▶ _YOUR ASSIGNMENT_: Look below for the line containing "following studies. |" and the line containing "Stardust Bowl 3", then set down both and every line between them exactly, without pictures.

▶ _WORKING DATA_:

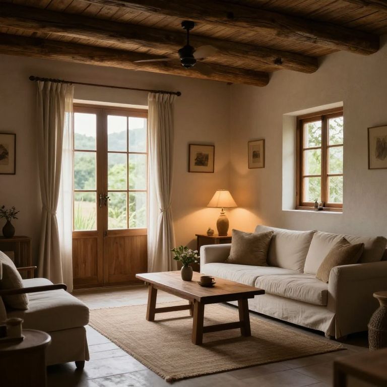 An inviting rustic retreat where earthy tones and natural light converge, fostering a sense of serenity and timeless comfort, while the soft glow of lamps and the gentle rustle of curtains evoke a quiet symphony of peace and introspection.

* * *

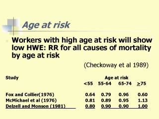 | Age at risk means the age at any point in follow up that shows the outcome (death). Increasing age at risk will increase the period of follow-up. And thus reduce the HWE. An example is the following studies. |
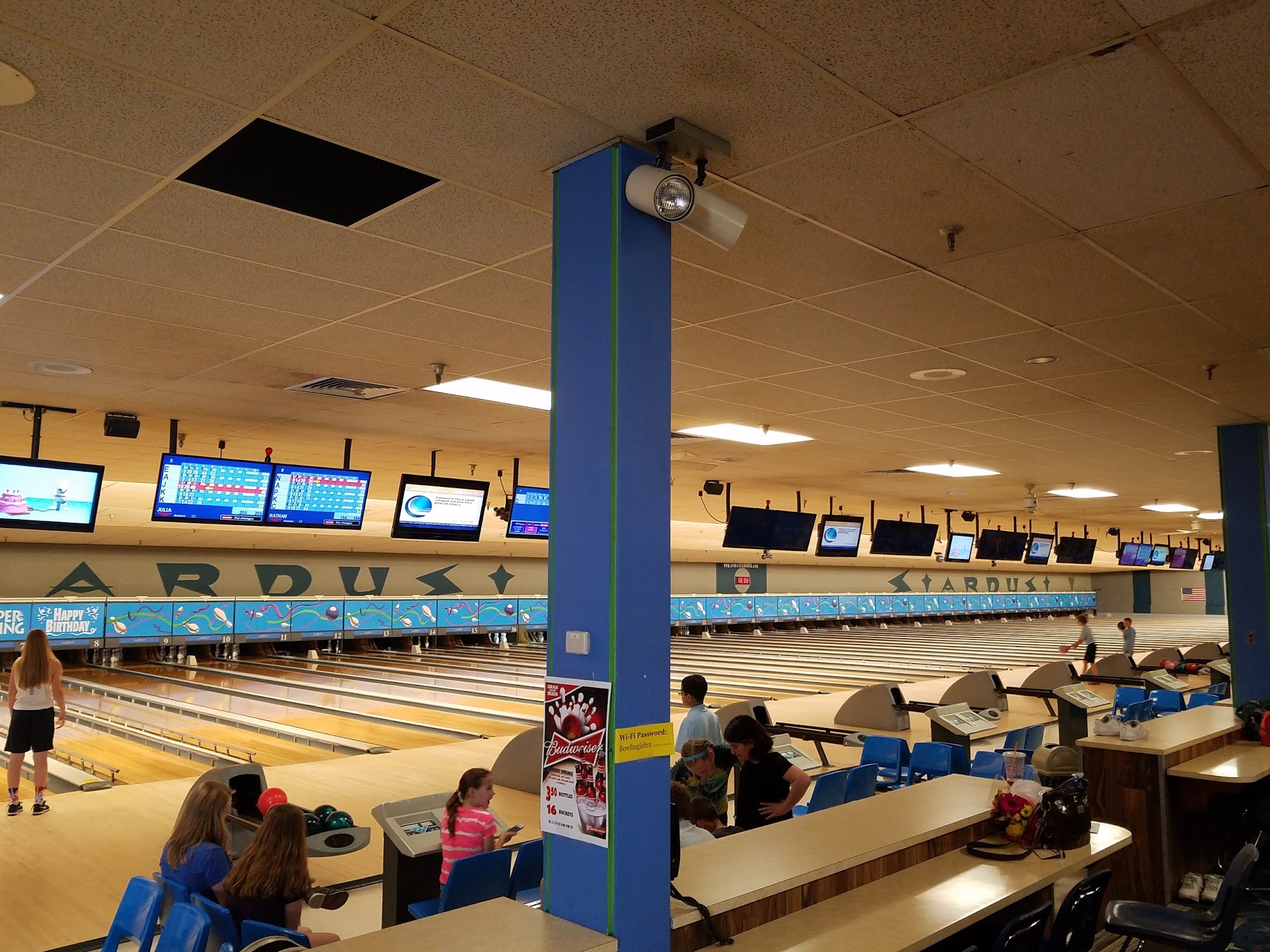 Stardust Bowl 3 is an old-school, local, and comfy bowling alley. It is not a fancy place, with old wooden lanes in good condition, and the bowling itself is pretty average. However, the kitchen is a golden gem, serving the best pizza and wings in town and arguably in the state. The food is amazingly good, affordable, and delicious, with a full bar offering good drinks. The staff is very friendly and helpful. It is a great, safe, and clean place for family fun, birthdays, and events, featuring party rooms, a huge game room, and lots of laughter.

==

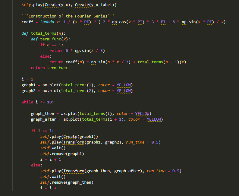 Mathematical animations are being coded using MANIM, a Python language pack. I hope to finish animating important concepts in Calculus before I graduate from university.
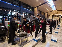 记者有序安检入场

▶ _SOLVED EXERCISE_:
 | Age at risk means the age at any point in follow up that shows the outcome (death). Increasing age at risk will increase the period of follow-up. And thus reduce the HWE. An example is the following studies. |
 Stardust Bowl 3 is an old-school, local, and comfy bowling alley. It is not a fancy place, with old wooden lanes in good condition, and the bowling itself is pretty average. However, the kitchen is a golden gem, serving the best pizza and wings in town and arguably in the state. The food is amazingly good, affordable, and delicious, with a full bar offering good drinks. The staff is very friendly and helpful. It is a great, safe, and clean place for family fun, birthdays, and events, featuring party rooms, a huge game room, and lots of laughter.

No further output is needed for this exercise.